Intuition of position vs time, and complex numbers I want to differentiate the following equation to obtain an object's velocity, but I can't figure out how the eqation is actually describing the object's position.
It goes as follows:
$r = (2.0 m + (3.00 m/s)t)i + (3.0 m - (2.00 m/s^2)t^2)j$, where $r = $ position at time $t$, and all quantities are in SI units.
Is $r$ a vector?

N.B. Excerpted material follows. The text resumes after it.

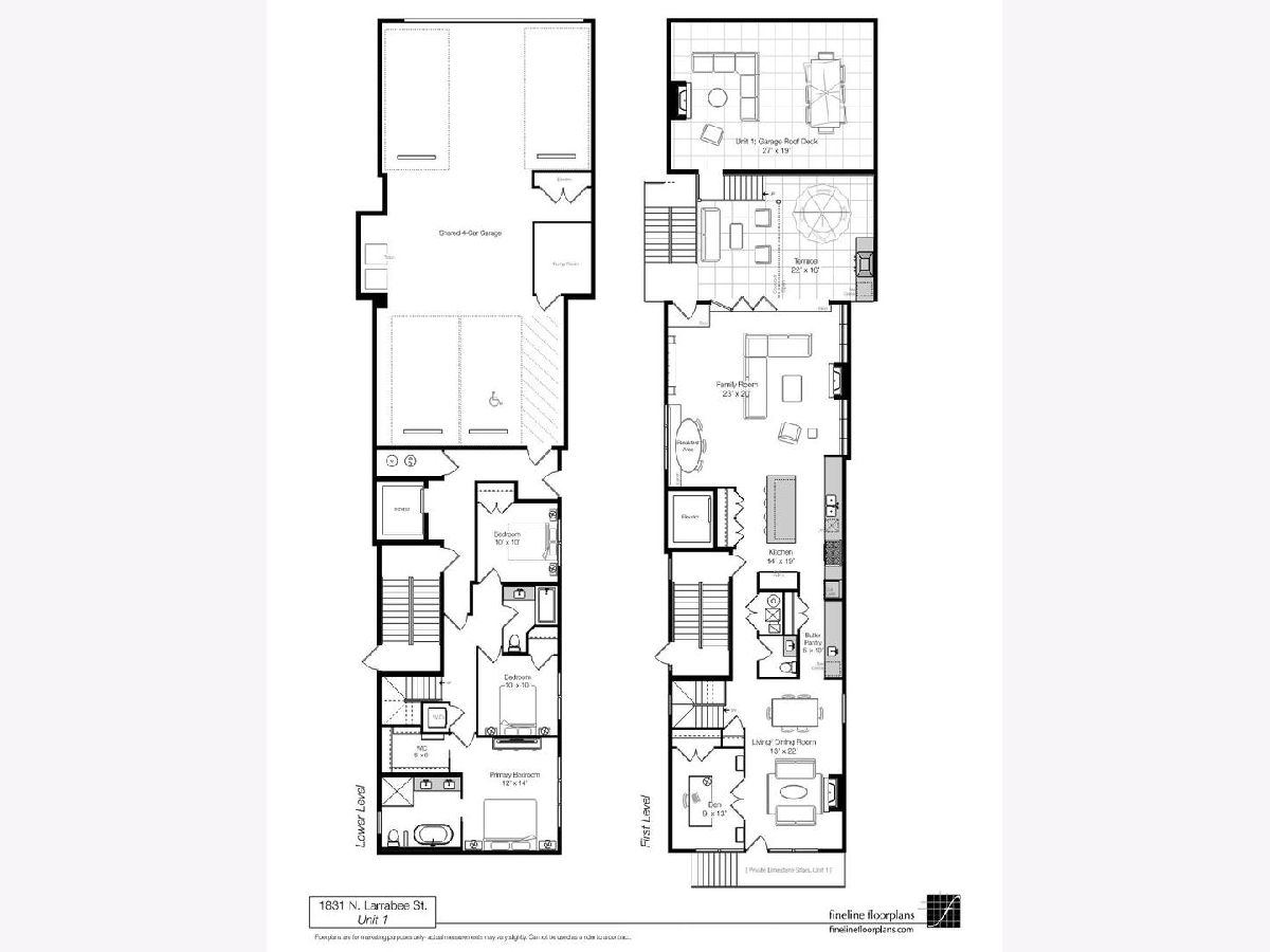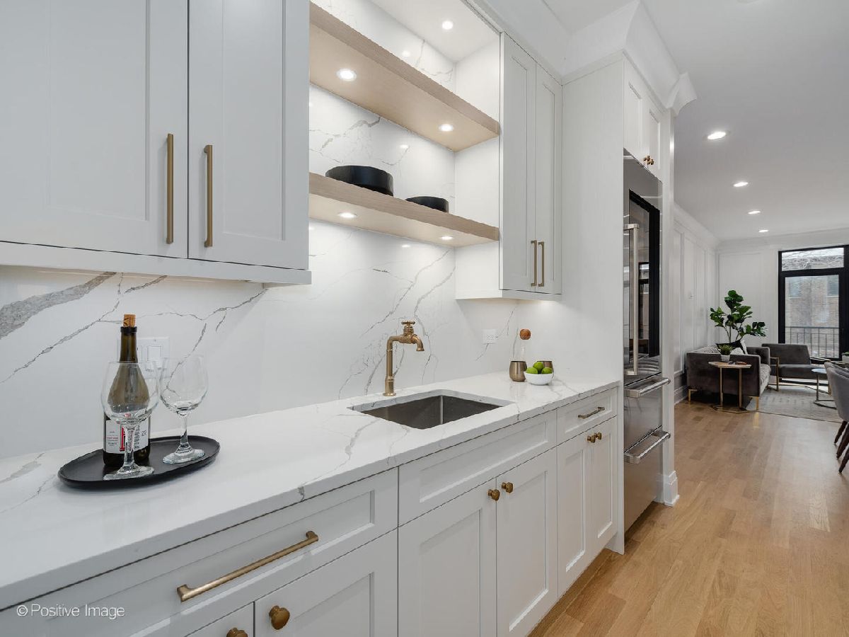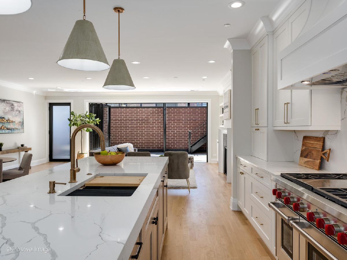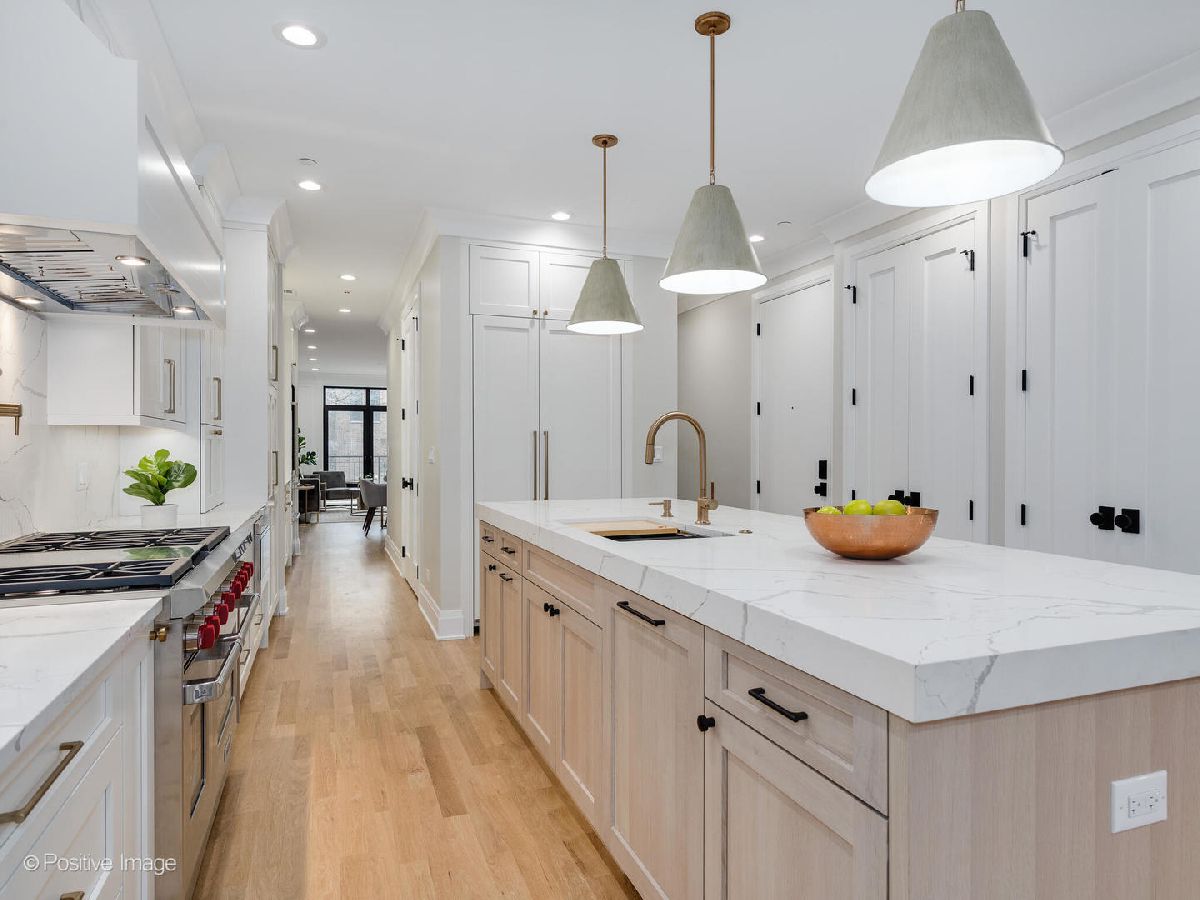 Expertly crafted and beautifully finished duplex-down condo in a wonderful part of Lincoln Park/Old Town. With 4 bedrooms and 2.5 baths, this home features wide open spaces and private nooks for every personality in the family. Upon entry, and to the right, you are greeted with a formal living/dining room and to the left, an actually jaw-dropping kitchen with a collection of top-of-the-line and paneled in appliances (Wolf, SubZero, Bosch, Zephyr), a tremendous amount of cabinet space, gorgeous stone countertops and backsplash, and an additional full butler's pantry with a built-in beverage center. The large living room has huge windows to let in all of the light, room for both a dining table and chairs, and an entire living room set. Find yourself working from home? Off the living room is a study, complete with pocket doors for privacy, which brings you all that much closer to a perfect work/life balance. The study could also act as a beautiful, first level bedroom for when you have guests! Back through the kitchen you find yourself in the fabulously spacious large family room making this the perfect space for a party of ANY size. In the warmer months, integrate the family room with the outdoors with massive nano doors which open COMPLETELY and carry the party onto a 22' terrace AND THEN onto the garage roof deck, for which this unit has exclusive access. The terrace and roof deck are both outfitted with porcelain pavers. Follow the paneled walls and warm wooden finishes to the lower level which houses the primary suite, 2 other bedrooms, and a charming mudroom with built-in bench and storage. The primary suite is decked out with a large main room, a massive walk-in closet (with access to a secret hiding spot under the stairs), and a bathroom straight out of a spa: herringbone pattern porcelain tiles, steam shower with bench, rainfall shower head, free standing soaking tub, and heated floors for colder winter mornings. (Are you relaxed yet?) ATTACHED, HEATED underground parking is included meaning you no longer need to brave the elements leaving and coming back home. Finally, soundproofing layers between units including double drywall, spray cell and blown-in insulation, lightweight concrete, and plywood/rubber underlayment which all adds that extra bit of valuable privacy we all crave. This is the LAST UNIT available in the building and a marvelous opportunity to build wonderful memories with family and friends.

And how do I differentiate or even integrate it given the complex $j$ and $i$? How do time fit in this cooridinate system?
 A: I think that's $i$ and $j$ as in the standard unit vectors in the $x$- and $y$-directions, respectively.  Not as in complex numbers.  The reason I think this is because the scenario involves finding a velocity vector from a position vector, and describing the position in terms of imaginary units $i$ and $j$ is extremely outlandish, if not completely nonsensical.  I think this has nothing to do with complex numbers at all.
So we should really be saying $\mathbf i$ and $\mathbf j$ to indicate they're vectors (and therefore avoid this type of confusion).
Anyway, to differentiate a vector, simply differentiate its components individually.
$$
  \mathbf r(t) = (2 + 3t)\mathbf i + (3-2t^2)\mathbf j
$$
Therefore
$$
  \mathbf r'(t) = (2+3t)' \mathbf i + (3-2t^2)' \mathbf j = 3\mathbf i - 4t \mathbf j.
$$
Integrating works the same way.  Integrate each component independently.  And make sure to add an arbitrary constant vector (a vector with two arbitrary constant components) if your integral is indefinite, which would be unusual for vectors given my experience.  Unusual but not impossible I guess.